I changed a query that used a subselect to user a more efficient subselect. Here are the
explains for the old way and the new way:
OLD WAY:
Unique (cost=47980.80..49226.66 rows=1780 width=789)
-> Sort (cost=47980.80..47980.80 rows=17798 width=789)
-> Hash Join (cost=18737.75..32994.32 rows=17798 width=789)
-> Seq Scan on u (cost=0.00..7211.12 rows=17798 width=627)
-> Hash (cost=7432.70..7432.70 rows=162170 width=162)

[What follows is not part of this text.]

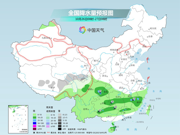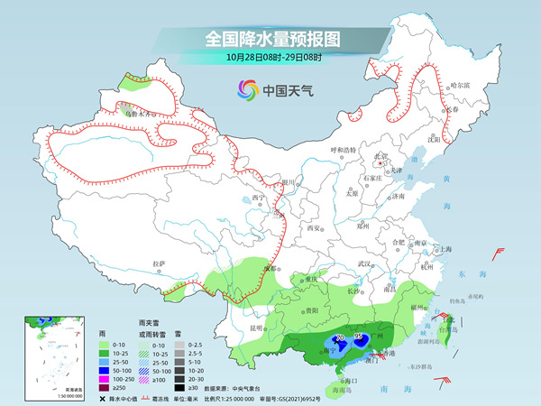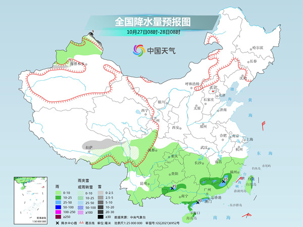 明天開(kāi)始,降雨的重心將逐漸向華南轉(zhuǎn)移。預(yù)計(jì)新疆北疆北部、西藏東部等地部分地區(qū)有小到中雪或雨夾雪,局地大雪。西南地區(qū)大部、江南大部、華南等地有小到中雨,局地大雨。
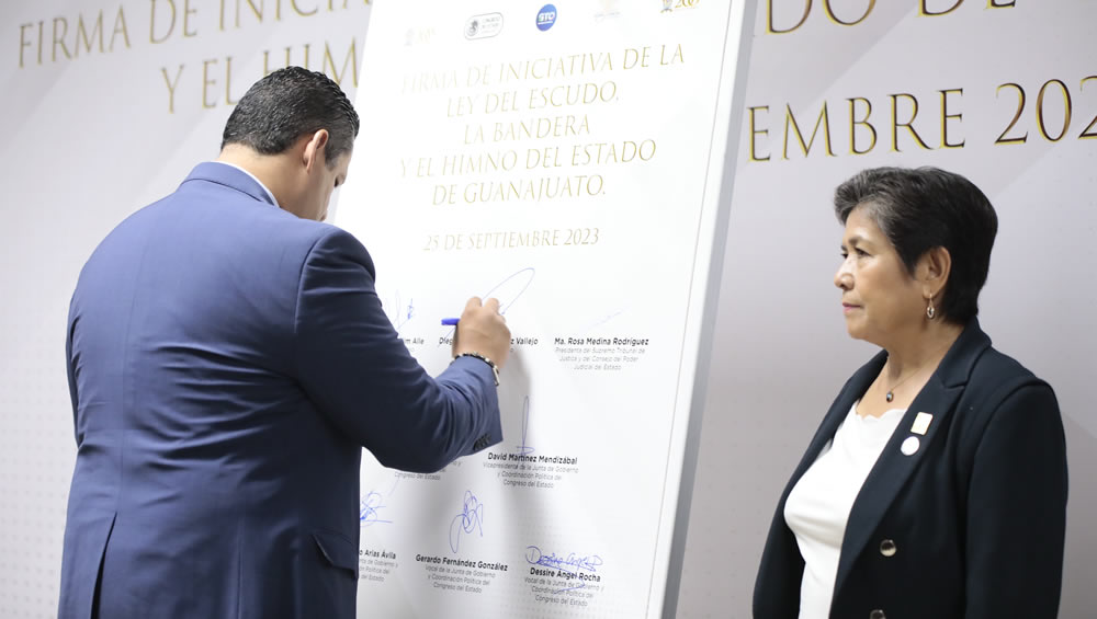Guanajuato, Gto.- El Gobernador del Estado, Diego Sinhue Rodríguez Vallejo, firmó la Iniciativa de Ley del Escudo, la Bandera y el Himno del Estado de Guanajuato a fin de regular los símbolos estatales y promover la identidad cultural y la cohesión social en la entidad.

-> Seq Scan on d (cost=0.00..7432.70 rows=162170 width=162)
SubPlan
-> Nested Loop (cost=0.00..11.19 rows=1 width=82)
-> Index Scan using a_pkey on a (cost=0.00..5.86 rows=1 width=4)
-> Index Scan using pu_pkey on pu (cost=0.00..5.31 rows=1 width=78)
-> Limit (cost=17.51..17.51 rows=1 width=10)
-> Sort (cost=17.51..17.51 rows=4 width=10)
-> Index Scan using ml_u_and_p_key on ml (cost=0.00..17.46
rows=4 width=10)
NEW WAY:
Unique (cost=48031.59..49277.45 rows=1780 width=793)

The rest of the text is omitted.